Thursday, September 21, 2006

Man Push Cart


My food vendor license and I.D. badge came. I am so legit now. The envelope was square and it didn’t fit in our odd, narrow mailbox very well. I knew right away what was in it, and I tore into the envelope with the excitement of A Christmas Story’s Ralphie when his Little Orphan Annie decoder pin finally arrived in the mail. I wonder if I can use this I.D. to get into bars and stuff.

My husband and I took in our first feature at one of New York’s arty cinaplexes, and of course we saw a film about a mobile food vendor called Man Push Cart. The movingly dingy little movie has nothing to do with sausages, but I was moved to see it because the film’s protagonist, Ahmad, operates a roach coach on some anonymous busy New York City street corner. Even though the bulk of the story takes place out of the cart, that’s not how it feels; the scenes with Ahmad going about his daily pushcart routine are shot in such a claustrophobic tightness that it infiltrates the whole film—boxing him in, as it were.

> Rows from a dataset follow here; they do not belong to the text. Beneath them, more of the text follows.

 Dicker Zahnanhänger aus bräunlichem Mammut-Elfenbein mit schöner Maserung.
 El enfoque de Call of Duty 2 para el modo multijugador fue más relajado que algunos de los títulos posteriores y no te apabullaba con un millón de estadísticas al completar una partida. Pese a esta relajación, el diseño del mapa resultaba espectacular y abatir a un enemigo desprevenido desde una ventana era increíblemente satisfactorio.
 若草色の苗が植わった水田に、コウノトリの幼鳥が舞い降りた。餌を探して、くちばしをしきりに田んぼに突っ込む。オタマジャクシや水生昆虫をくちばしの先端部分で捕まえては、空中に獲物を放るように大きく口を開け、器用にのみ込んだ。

Ahmad is boxed in in more ways than one. He rises at 2am to arrive at the commissary by 3am, and then he pulls the silvery mass of his cart however many blocks while fighting off the ominous headlights of hulking semi trucks and buses that whoosh past him bullyingly. Then Ahmad sells tea and coffee and bagels, then he pulls the cart back to the commissary, washes it, and makes his way back to his craphole apartment back in Brooklyn—but not before trying to hawk a few bootleg porn DVDs for extra cash.

Cash is Ahmed’s stumbling block. He has none. His wife is dead, he’s estranged from his young son, and the pop idol career he had back in Pakistan is only a shadow of a lost era. Ahmad is simply too emotionally and physically numb to make the push for a better life. He’s only a shell.

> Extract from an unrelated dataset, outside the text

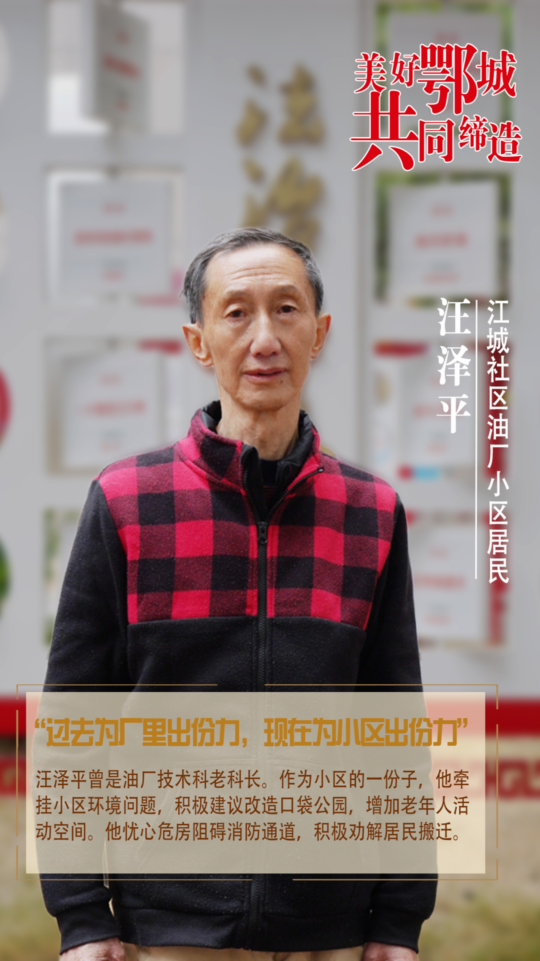 汪澤平曾是油廠技術(shù)科老科長。作為小區(qū)的一份子,他牽掛小區(qū)環(huán)境問題,積極建議改造口袋公園,增加老年人活動空間。他憂心危房阻礙消防通道,積極勸解居民搬遷。

It’s not a happy movie, and it won’t be bringing in any new roach coach recruits any time soon. As far as I could tell, Man Push Cart’s depiction of mobile food vending is accurate—especially the scenes in the dismal, cave-like commissary. Luckily, we don’t have to move our cart manually like Ahmad; we have the Dogmatic cart towed. But not every pushcart proprietor can afford that. We also don’t have to carry a propane tank around like a silent sidekick, as Ahmad does. A little cash in hand, I guess, goes a long way to make a potentially miserable job a truly enjoyable one. We are fortunate that way.

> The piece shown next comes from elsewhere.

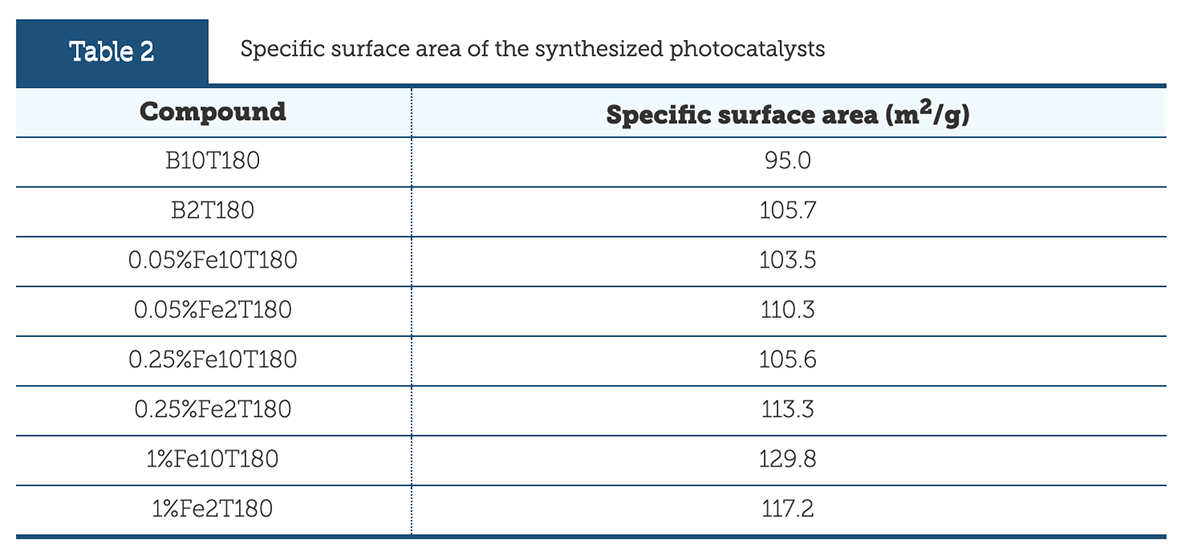 The values of BET of the synthesized photocatalysts are shown in table 2. It was observed that the introduction of iron caused an increase in the surface area. The doping of iron ions within the range of suitable concentration can lead to an increase in surface area because, with this doping, agglomeration of particles and form nanocrystalline powders with high surface can be prevented (Asiltür, Sayllkan & Arpaḉ, 2009; Song, Jun, Chen & Jianjun, 2011). It is noted that, in all compounds synthesized at 10 min reactions, there was a slight increase in BET as the amount of iron introduced is increased, taking a difference between the undoped compound and 1% iron doped compound of 12.5 m2g-1.

Mobile food vending, for most people, is a very hard way of life. My husband and I left the theater, feeling glum after the film’s glum credits rolled. We stepped into the noisy, smoggy streets and the litter hovering above the balmy grates in the sidewalk, and we then vowed not to see any more movies set in gritty New York City in the theater as long as we continue to live here. Movies are for escape, not reality. We get enough of that.